Le Premier vice-président de la République était accompagné par le président du Conseil national de la communication (CNC), Richard Giramahoro.

KAZADI MWILAMBWE

 

Assemblée Nationale> Visite du Deuxième vice-président aux Etats-Unis d’Amérique

La démocratie et les objectifs du développement durable au centre des débats

 

Le Deuxième vice-président de l’Assemblée nationale, Edouard Nduwimana a animé le samedi 5 septembre 2015 un point de presse pour annoncer à la population burundaise ce qui est sortie de la participation du Burundi à la 4e conférence des présidents des parlements qui s’est tenue à New York aux Etats- unies d’Amérique du 31 août au 2 septembre 2015. Deux points étaient au centre des échanges notamment la démocratie et les objectifs du développement durable.

 

Le député Nduwimana a indiqué à la presse qu’il a conduit une délégation de quatre députés. Ces derniers ont représenté d’une façon générale l’Assemblée ationale du Burundi et de façon spécifique le président de l’Assemblée nationale Pascal Nyabenda . Deux points étaient à l’ordre du jour. Il s’agissait notamment de la démocratie dont le thème était intitulé « Mettre la démocratie au service de la paix et le développement durable, construire un monde tel que le veut le peuple». Le deuxième débat était centré sur les objectifs du développement durable qui viennent pour remplacer les Objectifs du millénaire pour le développement qui vont se terminer avec l’année 2015. Il a précisé que ces Objectifs du développement durable seront analysés et adoptés par l’Assemblée général des Nations-unies qui va se tenir au mois de septembre. « C’était donc une occasion pour les présidents des assemblées nationales d’enrichir, de contribuer et de prendre des résolutions en rapport avec ces objectifs », a-t-il ajouté. M. Nduwimana a signalé qu’en ce qui concerne le débat sur la démocratie, il a été constaté que malgré les avancées enregistrées en matière de développement et de démocratie, il subsiste ici et là des conflits qui font que les gens sont forcés à fuir le pays. Face à ce problème, les parlements ont encouragé la mise en avant du dialogue pour trouver la solution à ces conflits. Il a été également constaté que certains pays ne tiennent pas compte de la réalité historique et culturelle de chaque pays dans le respect de ses principes démocratiques. Ils ont pour ce faire insisté sur la souveraineté de chaque pays.

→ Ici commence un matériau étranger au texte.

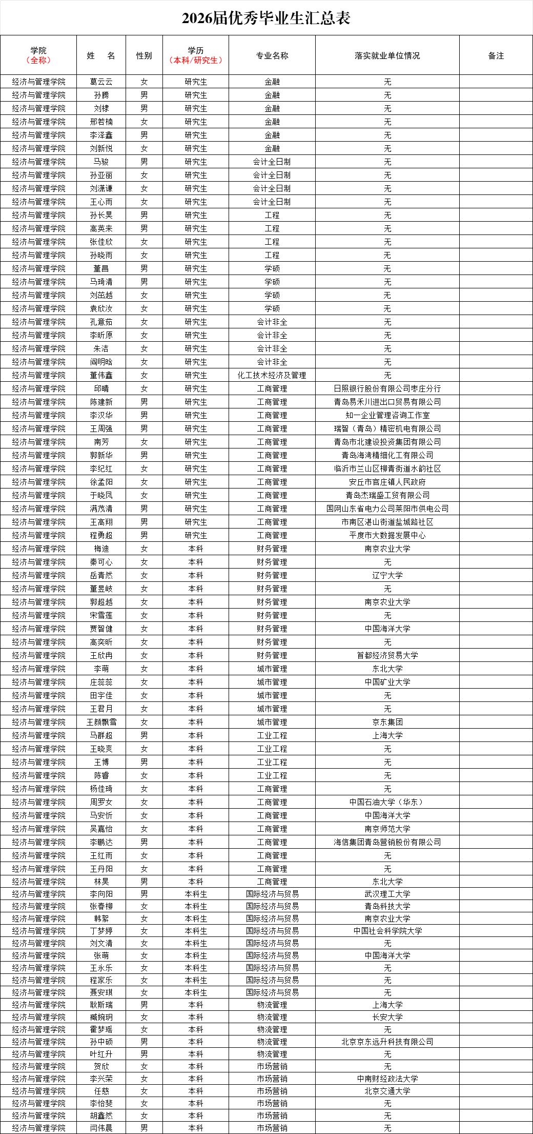 经管学院2026届青岛科技大学优秀毕业生评选结果公示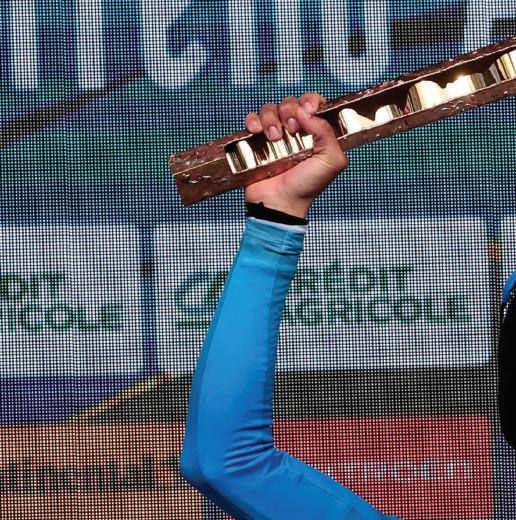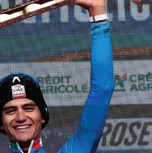 Su obra maestra llegó en la sexta etapa, con final en Camerino, donde atacó en el tercer ascenso al exigente Muro della Madonna delle Carceri (3 km al 8.8 %, con rampas de hasta 18 %) para cruzar la meta en solitario, tras un esfuerzo descomunal que dejó claro que el ‘Tridente’ ya tenía dueño.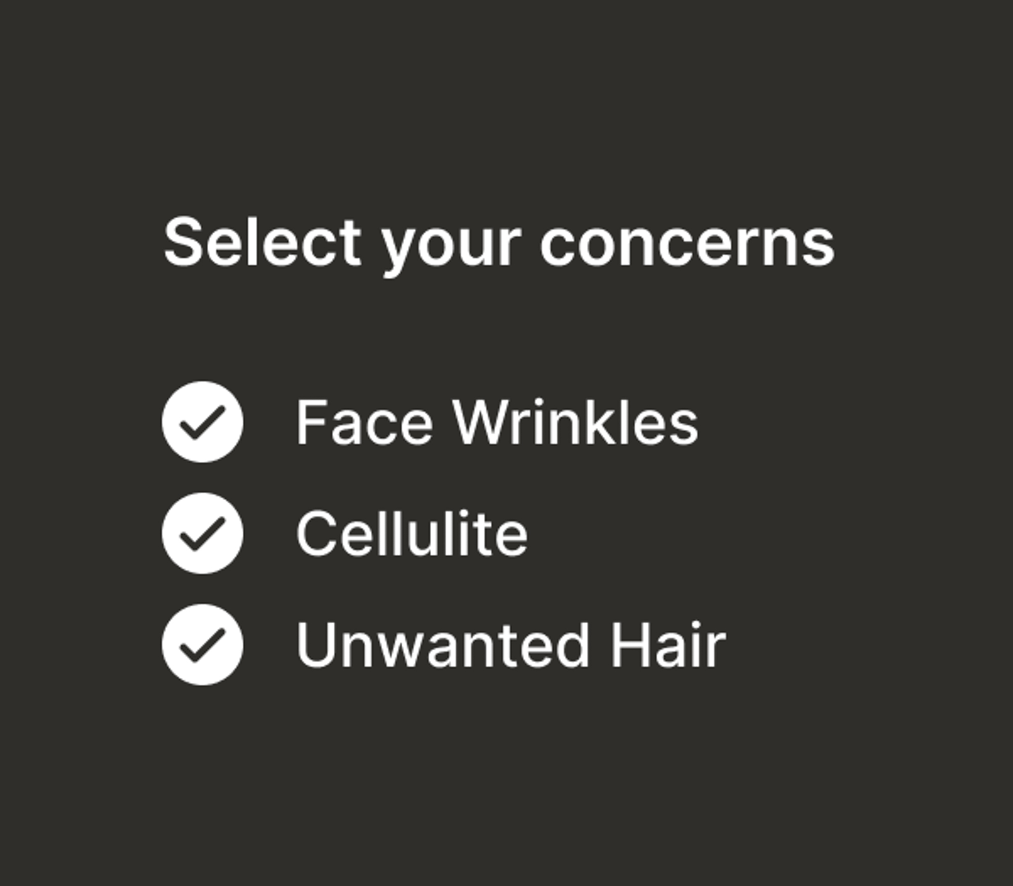 Personally curated plans right at your fingertips. Select your unique concerns to unlock the possibilities.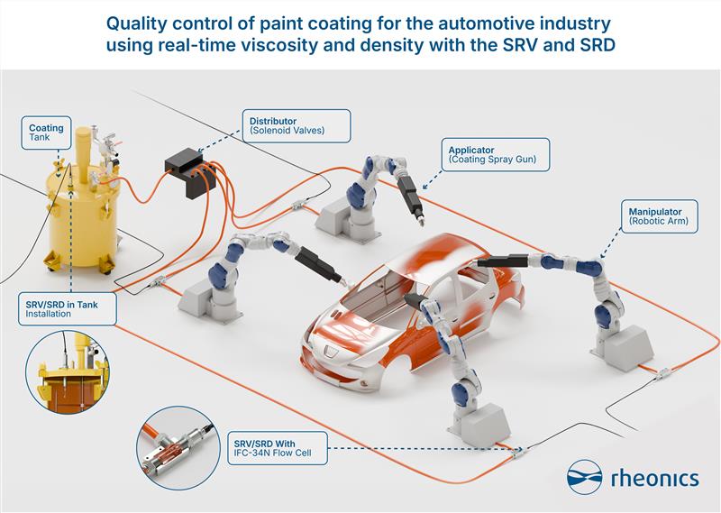Inline SRV sensors measure paint viscosity in tanks and/or lines.
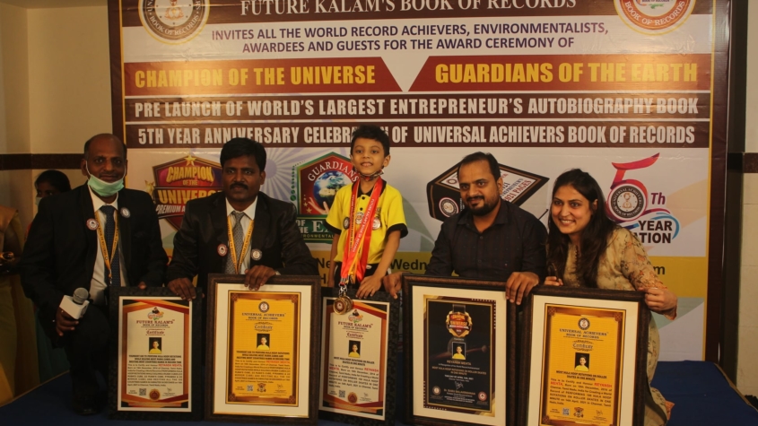 UNIVERSAL ACHIEVERS BOOK OF RECORDS HONOUR REYANSH MEHTA, BORN ON 18TH DECEMBER, 2014 OF CHENNAI, TAMIL NADU, INDIA FOR CREATING A WORLD RECORD OF PERFORMING HULA HOOP ROTATIONS WHILE SOLVING 4 RUBIK CUBES (3/3 RUBIK’S CUBE, 2/2 RUBIK’S CUBE, PYRAMINX & 2/2 MIRROR CUBE) AND SPELLING ALL THE 195 COUNTRIES NAMES IN 8 MINUTES 38 SECONDS ON 14TH APRIL, 2021 IN CHENNAI, TAMIL NADU, INDIA
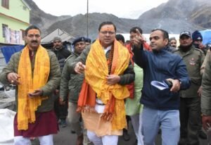 बर्फ़बारी के बीच केदारनाथ धाम पहुँचे सीएम धामी, निर्माणकार्यों का लिया जायज़ा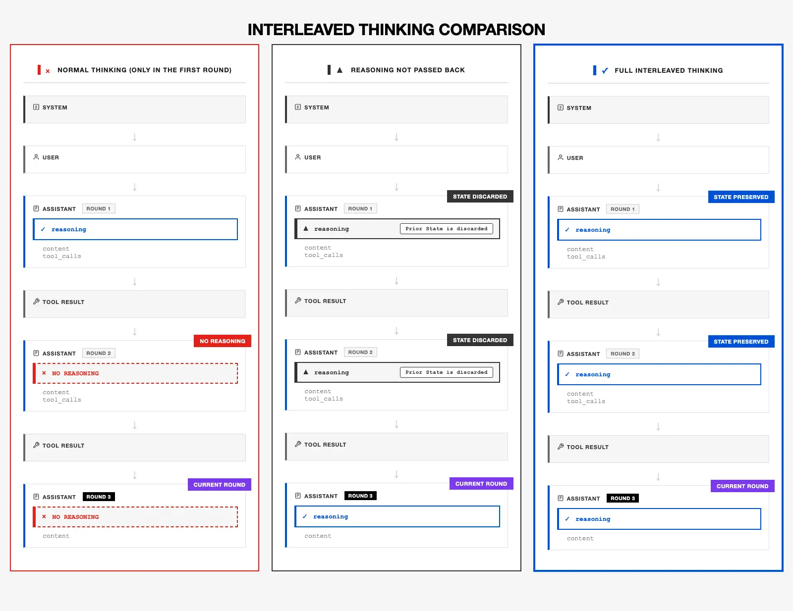 保持 Interleaved Thinking 狀態完整至關重要 —— 模型的可靠性不僅在於它當前的想法,更在於它能否回顧和修正之前的想法。Interleaved Thinking 把這一過程機制化:計劃 → 行動 → 反思,且狀態始終保留,讓反思得以累積,讓修正在多輪交互中傳遞。

Une participation de plus de 74% lors des élections de 2015

Le député Nduwimana a fait savoir qu’au cours de cette conférence, la délégation burundaise a eu l’occasion de faire une déclaration où elle a dit que ces débats viennent à point nommé du fait que le Burundi vient de mettre en place les institutions tel que le peuple le veut. Il a annoncé que cette délégation a montré aux autres parlements que les élections au Burundi se sont bien déroulées. Et, que malgré quelques critiques, l’Onu (Organisation des Nations unies) a, dans son rapport, affirmé que la population burundaise a participé aux élections à plus de 74% et que les élections se sont déroulées dans la paix et la sécurité. Par conséquent, les institutions qui en sont issues sont conformes à la volonté du peuple. Il a en outre affirmé que la délégation burundaise a eu l’occasion d’échanger avec les bailleurs sur la situation politico-sécuritaire qui prévaut dans le pays. Il a affirmé que ces derniers ont tous accepté de continuer à appuyer le Burundi dans son processus de démocratisation.